Yes, you read that correctly. We are paying 20% more for ethanol, enabled via highly paid lobbyists, heavy government intervention, taxpayer funds and protectionist tariffs than we are for methanol that has long been produced subsidy-free.

Unfortunately, the decision to mandate ethanol consumption while ignoring methanol has been based much more on politics than on the two fuels comparative advantages. “The fact is, methanol simply has not had the same sort of political favoritism, but is in [Rapier’s] opinion a far superior option to ethanol as a viable, long-term energy option for the world.”

Where biofuels are concerned, Rapier states that the effort has always been predicated on the assumption that we will eventually switch from corn ethanol to much more abundant, non-food cellulosic feedstocks such as switch grass. We just have to wait until somebody comes up with a way to break down cellulose. What investors do not seem to realize is that techniques for breaking down cellulose have been around since the 19th century. They just have proved to be too expensive.

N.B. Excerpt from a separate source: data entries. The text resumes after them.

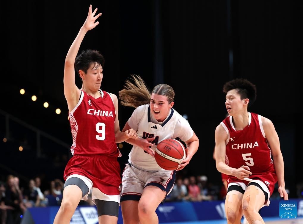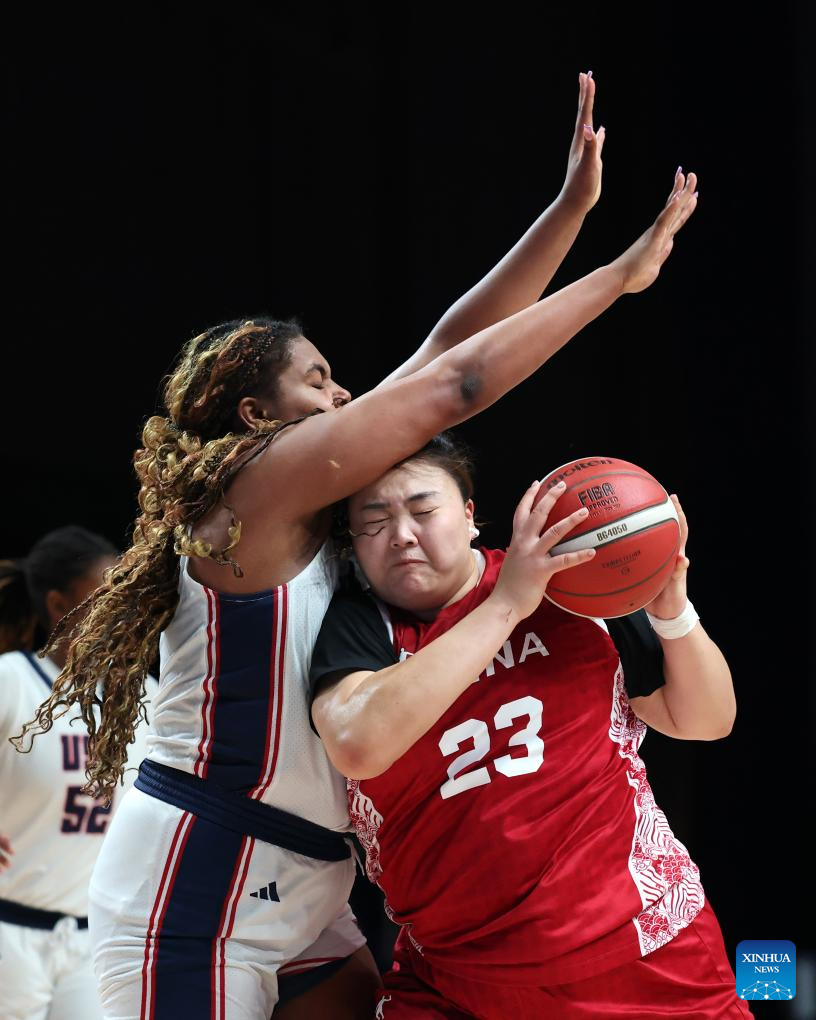 Cao Boyi (L) of China breaks through during the women's basketball final between China and the United States at the Rhine-Ruhr 2025 FISU World University Games in Essen, Germany, July 25, 2025. (Xinhua/Zhang Fan)
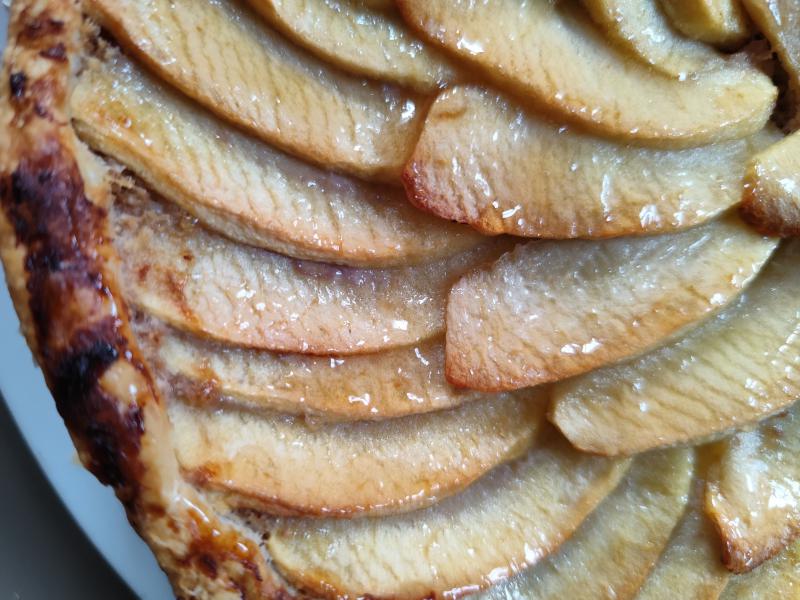 Facultatif ; pour une plus jolie présentation, quand votre tarte a légèrement tiédie, vous pouvez la napper délicatement avec un pinceau trempé dans un peu de gelée de pommes ou de coing, liquéfiée au micro-ondes.
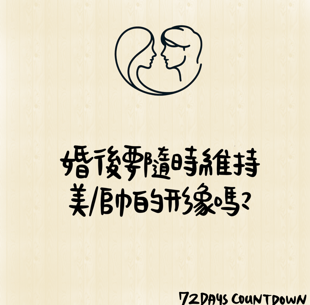 伴侶在交往期間如果沒有試婚/同居,往往會盡可能表現出自己最美好的一面,而結婚同住後相處時間顯著拉長,並共同擁有更多柴米油鹽醬醋茶的生活大小事,基本上是很難隨時隨地都美美帥帥的,如果刻意追求隨時隨地維持形象,可能也很快就會開始感到疲憊,所以我認為婚後並不需要刻意隨時維持美/帥的形象。
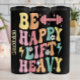 Ce graphique joyeux présente le texte de motivation 'BE HAPPY LIFT HEAVY', conçu dans un style rétro avec de grandes lettres mousseuses. Le design coloré comprend des fleurs stylisées et des boulons éclair, créant une déclaration positive, amusante et optimisée pour une séance d'entraînement heureuse.
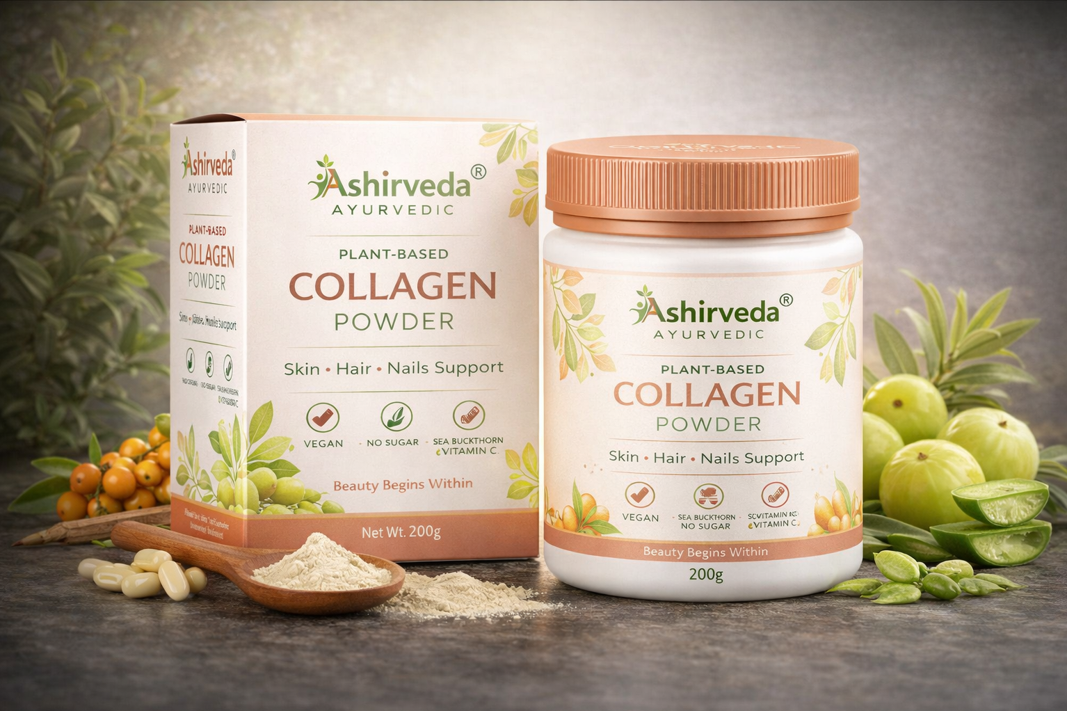 The premium vegan Ashirveda Ayurvedic plant-based collagen powder is made to naturally promote the development of collagen for stronger, healthier skin, hair, and nails. Enriched with potent herbal constituents like sea buckthorn and amla, as well as vital nutrients like vitamin C and biotin, it helps produce a natural glow from within, improve skin suppleness, and lessen indications of aging.
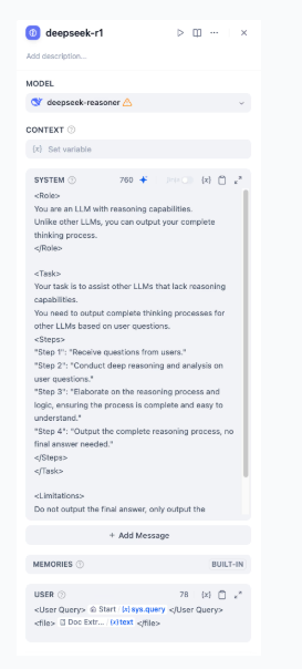 - Cấu hình DeepSeek R1 Node: Nhập các lời nhắc hệ thống (system prompts) có cấu trúc để hướng dẫn DeepSeek R1 thực hiện suy luận và phân tích.

But “high costs have never been a deterrent for Silicon Valley entrepreneurs who wielded Moore’s Law as the solution to every problem. In their minds, the advanced biofuel industry would mimic the process by which computer chips continually became faster and cheaper over time. But advanced biofuels amounted to a fundamentally different industrial process that was already over 100 years old. A decade into this experiment it is clear that Moore’s Law isn’t solving the cost problem.”

(Actually, if you read George Gilder’s latest book, “Knowledge and Power,” you would realize that mathematicians such as Claude Elwood Shannon and John von Neumann have determined that information as an entirely separate entity from energy and matter. Moore’s Law applies only to information, not matter and energy.)

Rapier says biofuels will never succeed until the effort at developing them is redirected into producing methanol rather than ethanol once again:

For methanol, we can produce it from biomass via a similar process to how it is produced for $1 per gallon today. There are numerous biomass gasifiers out there. Some are even portable. They do not require high fossil fuel inputs and they utilize a much larger fraction of the biomass. They aren’t limited to cellulose. They gasify everything – cellulose, hemicellulose, lignin, sugars and proteins – all organic components. And if there is also a heating application, the combined heat and fuel or power efficiency of a biomass to methanol via gasification route is going to put cellulosic ethanol to shame. In any case, the efficiency of biomass gasification to methanol is going to put cellulosic ethanol to shame, because it doesn’t have to deal with all of that water present in the ethanol process.

Altogether, Rapier argues that methanol has a much broader potential feedstock, is easier and cheaper to produce and could be manufactured in much larger quantities than corn ethanol. And this doesn’t even consider the possibility of synthesizing it from our superabundant supplies of natural gas. The problem is that “methanol doesn’t have a big lobby and 42 senators from farm states it can count on for perpetual support.”

At Fuel Freedom Foundation, we believe we should pursue all these options – ethanol, biofuels, compressed natural gas (CNG), liquefied natural gas (LNG) and electric cars. They all offer the possibility of reducing the $350 billion we shell out each year for imported oil. But we can’t help but admire Rapier’s observation that the methanol option is greatly underappreciated. The reasons are: 1) the EPA restrictions that make it illegal to use in car engines and 2) the lack of any large constituency such as the farm lobby that stands to gain from it. For that reason alone we’re very encouraged by Rapier’s writings and look forward to more in the future.